Chapter 5: Programming for Bioinformatics with Python¶

5.1 Why Python?¶

If you ask a room full of bioinformaticians what programming language they use, the vast majority will say Python.

Why? 1. Readability: Python code reads almost like English. This is crucial for scientists who want to focus on biology, not complex syntax. 2. Libraries: There is a massive ecosystem of pre-written code. Need to calculate statistics? Use pandas. Need to plot a graph? Use matplotlib. Need to parse a DNA file? Use Biopython.

In this chapter, we will focus on Biopython, the standard library for computational biology.

5.2 Getting Started with Biopython¶

Illustration of Biopython

Before we write code, you usually need to install the library. In your terminal (Chapter 4 skills!), you would run:

pip install biopython

The `Seq` Object¶

In standard Python, DNA is just a string of text. In Biopython, we use the Seq object.

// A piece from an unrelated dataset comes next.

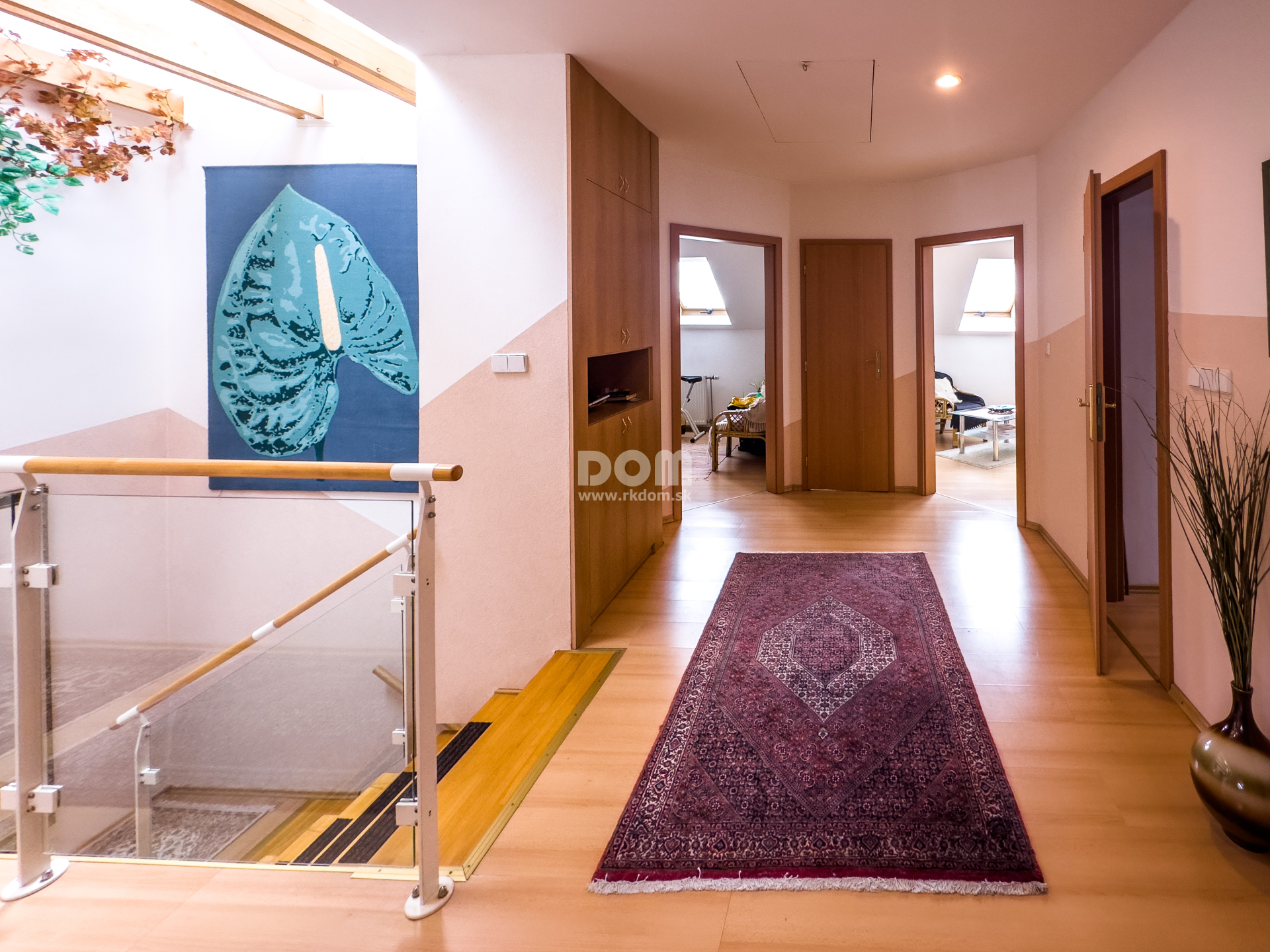 Na vrchnom podlaží Vás očarí priestranná pracovňa, nájdete tu ešte ďalšie tri spálne, priestranný šatník a ďalšie dve kúpeľne.

It knows that the string represents a biological sequence and gives us powerful methods.

from Bio.Seq import Seq

# Create a Sequence object
my_dna = Seq("AGTACACTGGT")

# It acts like a string...
print(f"Sequence: {my_dna}")

# ...but it has biological superpowers!
print(f"Complement: {my_dna.complement()}")
print(f"Reverse Complement: {my_dna.reverse_complement()}")

Output:

Sequence: AGTACACTGGT
Complement: TCATGTGACCA
Reverse Complement: ACCAGTGTACT

Note: Calculating a reverse complement manually is tedious and error-prone. Biopython does it instantly.

5.3 Transcription and Translation (The Easy Way)¶

Remember the scripts we wrote in Chapters 1 and 3? We had to manually replace letters and build dictionary lookup tables. Biopython handles the Central Dogma natively.

from Bio.Seq import Seq

gene = Seq("ATGGCCATTGTAATGGGCCGCTGAAAGGGTGCCCGATAG")

# 1. Transcribe (DNA -> RNA)
mRNA = gene.transcribe()

# 2. Translate (RNA -> Protein)
protein = mRNA.translate()

print(f"DNA:     {gene}")
print(f"mRNA:    {mRNA}")
print(f"Protein: {protein}")

Output:

DNA:     ATGGCCATTGTAATGGGCCGCTGAAAGGGTGCCCGATAG
mRNA:    AUGGCCAUUGUAAUGGGCCGCUGAAAGGGUGCCCGAUAG
Protein: MAIVMGR*KGAR*

(The * represents a Stop codon).

5.4 Reading Biological Files (`SeqIO`)¶

In the real world, you don't type sequences into your code. You read them from files (FASTA, GenBank, FASTQ).

The Bio.SeqIO module is the standard way to read and write these files. It handles the messy formatting for you.

Imagine you have a file named example.fasta with multiple gene sequences.

from Bio import SeqIO

# SeqIO.parse takes the filename and the format name
for record in SeqIO.parse("example.fasta", "fasta"):

    # 'record' holds the ID and the Sequence
    print(f"ID: {record.id}")
    print(f"Length: {len(record.seq)}")
    print(f"First 10 bases: {record.seq[:10]}")
    print("---")

This simple loop can process files containing millions of sequences without crashing your computer, as it reads them one by one.

Summary¶

Python, combined with Biopython, allows us to automate the biological concepts we learned in Part 1. We can now manipulate sequences, perform the central dogma operations, and read standard file formats with just a few lines of code.

5.5 Practical Libraries, Workflows, and Best Practices¶

Python's ecosystem supports every step of modern bioinformatics. Key recommendations:

Core packages: biopython, pandas, numpy, scipy for data handling and basic statistics.
Machine learning / deep learning: scikit-learn, xgboost, tensorflow, pytorch.
Single-cell analysis: scanpy, anndata for preprocessing and downstream analyses.
Interactive and reproducible: Use Jupyter or VS Code notebooks for exploration; export production code as scripts and add tests.
Packaging & environments: Use poetry, pip, or conda/mamba for environment management; pin dependencies in environment.yml or requirements.txt.

Example: a small, testable function with a type hint and a unit test-friendly design.

from typing import List, Dict

def gc_content(seq: str) -> float:
  """Return GC percentage of a DNA sequence."""
  s = seq.upper()
  if not s:
    return 0.0
  return (s.count('G') + s.count('C')) / len(s) * 100

# This function is simple to unit test and reuse in pipelines.

Add CI and tests for critical utilities to avoid silent regressions in pipelines.